If this all sounds somewhat theatrical, then listen to that shush again... it calls for reverence before a far more complex phenomenon. Resembling a triptych on an altar, the library doors open out to reveal a treasury of identically bound volumes, their spines picked out with gold-tooled reference numbers corresponding to The Dewey Decimal System, one of the library world’s codifications of knowledge. On the inside right-hand wing are listed the Library Rules [under Section 19, of the Public Libraries and Museums Act 1964], while on the left is a public notice board on which several tiny WANTED and FOR SALE cards are optimistically pinned like secular votives. Other tours the library around from venue to venue on a shopping trolley, a martyr to books, complete with attribute on wheels.
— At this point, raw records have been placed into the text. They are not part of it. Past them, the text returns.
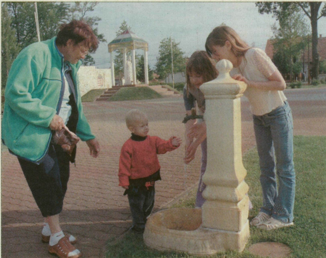
A falu központján meglátszik, hogy a helybeliek igényesek környezetükre

Az itt élők büszkéek a szabadidő- és sportcentrumra is, amely méltó helyszíne a megye I. osztályú ásotthalmi focicsapat mérkőzéseinek. A településen sok a civil szervezet, ezek együttműködnek az önkormányzattal, sok esetben közösen pályáznak a település vezetésével. A polgár-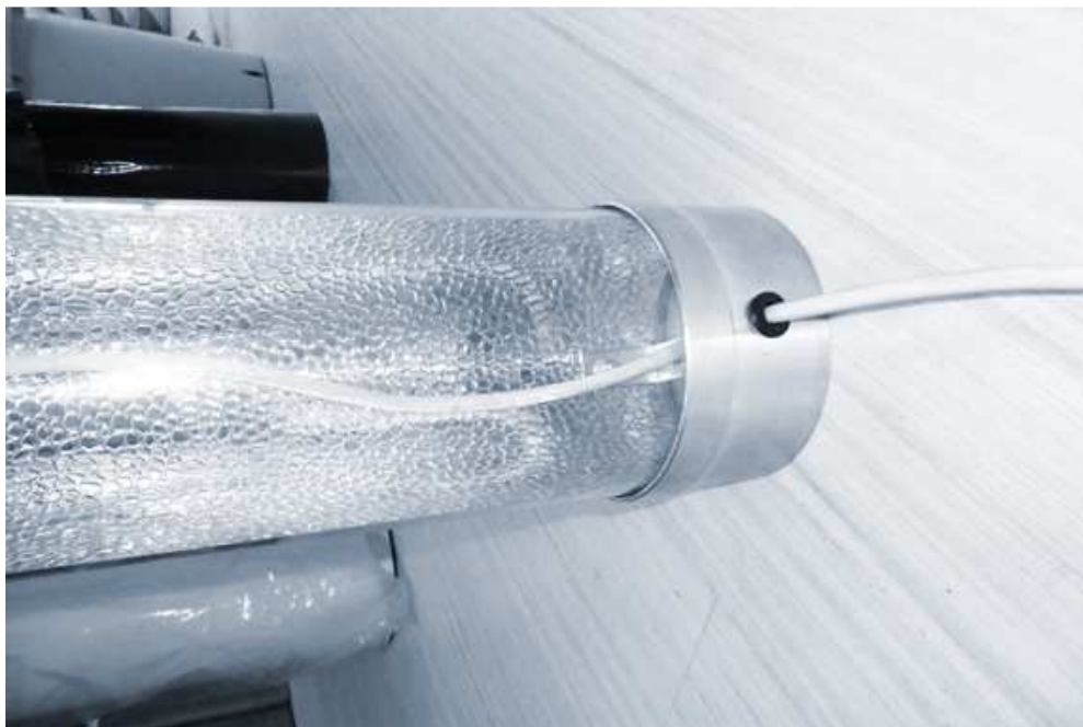
Agujero por donde pasamos el cable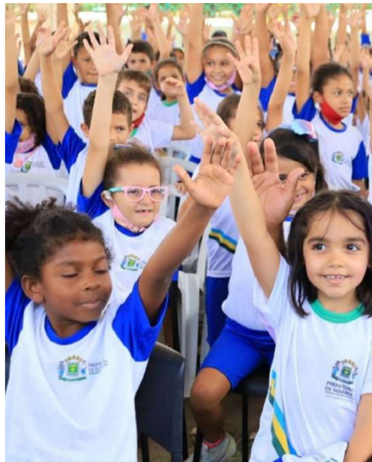
Compromisso Nacional Criança Alfabetizada busca garantir que 100% das crianças do 2º ano do ensino fundamental saibam ler e escrever

Para 2024, a meta de alfabetização almejada pelo governo é de 60% das crianças brasileiras. Esse percentual sobe para 64% em 2025 e 67%, em 2026. Nos anos seguintes, as metas sobem para 71% (em 2027); 74% (2028), 77% (2029), até superar os 80% a partir de 2030.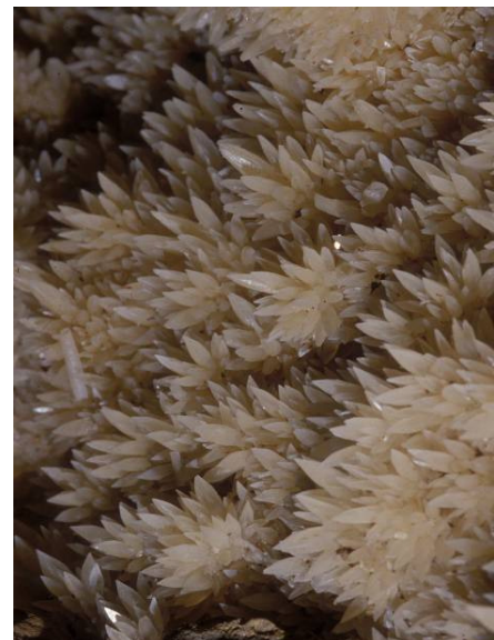
Cristaux de type scalénoèdre formés dans un gour (février 2004).

http://www.ecologie.gouv.fr/IMG/pdf/dossier_presse_grottes.pdf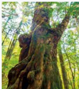
屋久杉が息づく太古の森へ 観光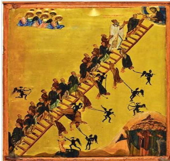
Η κλίμαξ, η οποία συμβολικά οδηγεί προς τα έσχατα.

Στην αναζήτηση του παραδείσου είναι λάθος να γίνεται λόγος για μια επιστροφή σ' ένα χαμένο παράδεισο του παρελθόντος 1 . Αντίθετα η θέωση έχει προοδευτικό και εξελικτικό χαρακτήρα. Δεν πρόκειται για φυσική αλλά για θεϊκή αθανασία, η οποία δεν είναι μια απλή επιβίωση του ανθρώπου ως έχει σήμερα, αλλά για δοξασμό, εκλάμπρυνση, θέα και γλυκασμό 2 . Ο άνθρωπος ενώνεται με τις άκτιστες ενέργειες του Θεού, όχι με την θεϊκή ουσία, απολαμβάνοντας συνεχώς την αφθαρσία του Θεού. Μέσα σ' αυτό το πλαίσιο δίκαιοι και άδικοι μπορούν να φτάσουν στη θέωση αρκεί να το θελήσουν. Κανείς δεν εξαιρείται από την Βασιλεία του Θεού και κυρίως οι ανεπαρκείς(αμαρτωλοί).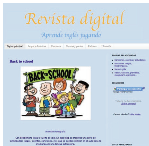
Figura 2. Revista digital creada por los estudiantes

El desarrollo de esta actividad formativa tenía como principal objetivo general cualificar a los futuros maestros para que fueran capaces de incorporar las tecnologías Web 2.0 en el aula desde una perspectiva educativa. A partir de este objetivo general se desprenden otros más específicos: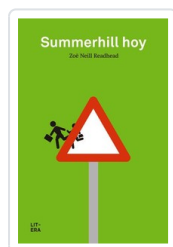
SUMMERHILL HOY NEILL, ZOE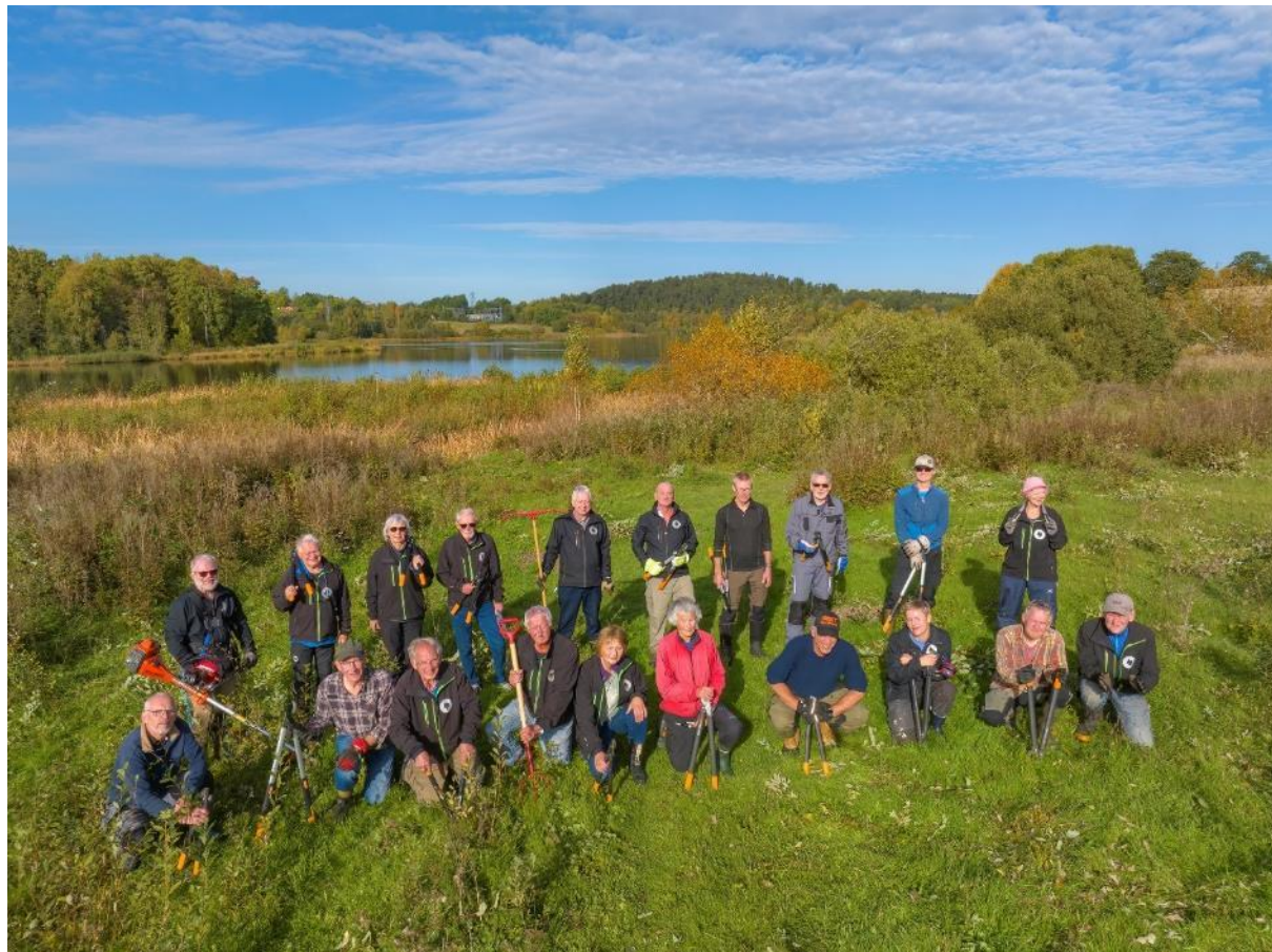
En gruppe fra dugnadsgjengen har stilt seg opp med Østensjøvannet i bakgrunnen.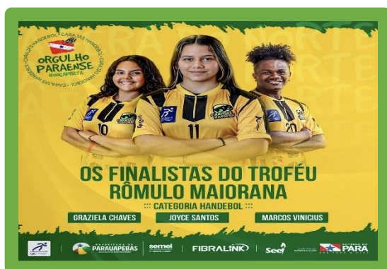
Figura 27 - Troféu Rômulo Maiorana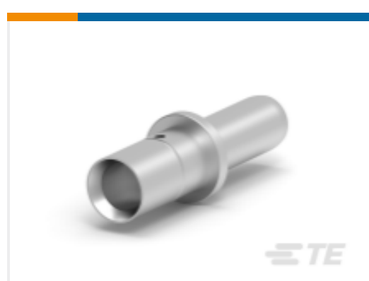
TE 产品编号SRK-PC-080-25-601 PIN, SOLID, SIZE M8, 25mm2, AG

Other initially approached 70 individuals [not all necessarily artists] to create the contents of a book, providing only a size limit. The results are as diverse as one might expect from such an open remit, and each volume received has been lovingly bound in terracotta book cloth, it’s title and author’s name de-bossed on the cover. ‘Music for Inert Repetitions’ [Yoanna Hoffmann] presents its reader with a dilemma since it is a book of unfixed photographs of empty music staves, silent grids destined to vanish completely with consecutive reading. Louise Short’s ‘Stamp Album’, an archive of impetuosity, comprises entirely of those infuriating perforated scraps of postage stamp that never quite make it onto envelopes. ‘Body Language’ is a book of hilarious hand drawn observations on the process of aging by Graham Wilson, who turns out to be Other’s father, and a key influence. ‘Dawn to Dusk’ [Jonathan Taylor] is a miniature piano score, which may be quietly hummed, as long as no other readers are disturbed.

Not only a faultless pastiche of library rhetoric, TBAL converges performance with curation, staging as it does the varied worlds and strategies contained within the pages of its volumes. Fluxus in spirit, the library is both a collective and individual endeavour. It grows in members and books with each showing, now boasting a truly international catalogue, and its venues are equally varied, ranging from white cube gallery to women’s sewing circle, from a railway carriage on a train from London to Sheffield, to the hallowed courtyards of Harvard University. At the centre of this miniature, peripatetic faux-institution is Other herself, the strict-but-fair Head Librarian.

For Other, a playful Alice in a wonderland of her own devising, the simple book form remains a delicate, mysterious and infinite world. Like all serious librarians, her primary role is the gentle transfer of the curious reader across an administrative threshold to the imaginative space between body and page. She knows her collection intimately, and most ticket holders leave the library with the particular calm that accompanies deep book-reverie. There’s a website under construction, and the Head Librarian has an email address, although she prefers to be contacted in writing, preferably handwritten.

Much might be written about this wonder-full, and wondrous library. The Head Librarian, one suspects, will simply shuffle a few papers about, ink her rubber stamp, and quietly catalogue it all under Dewey System number 020, ‘Library Science’.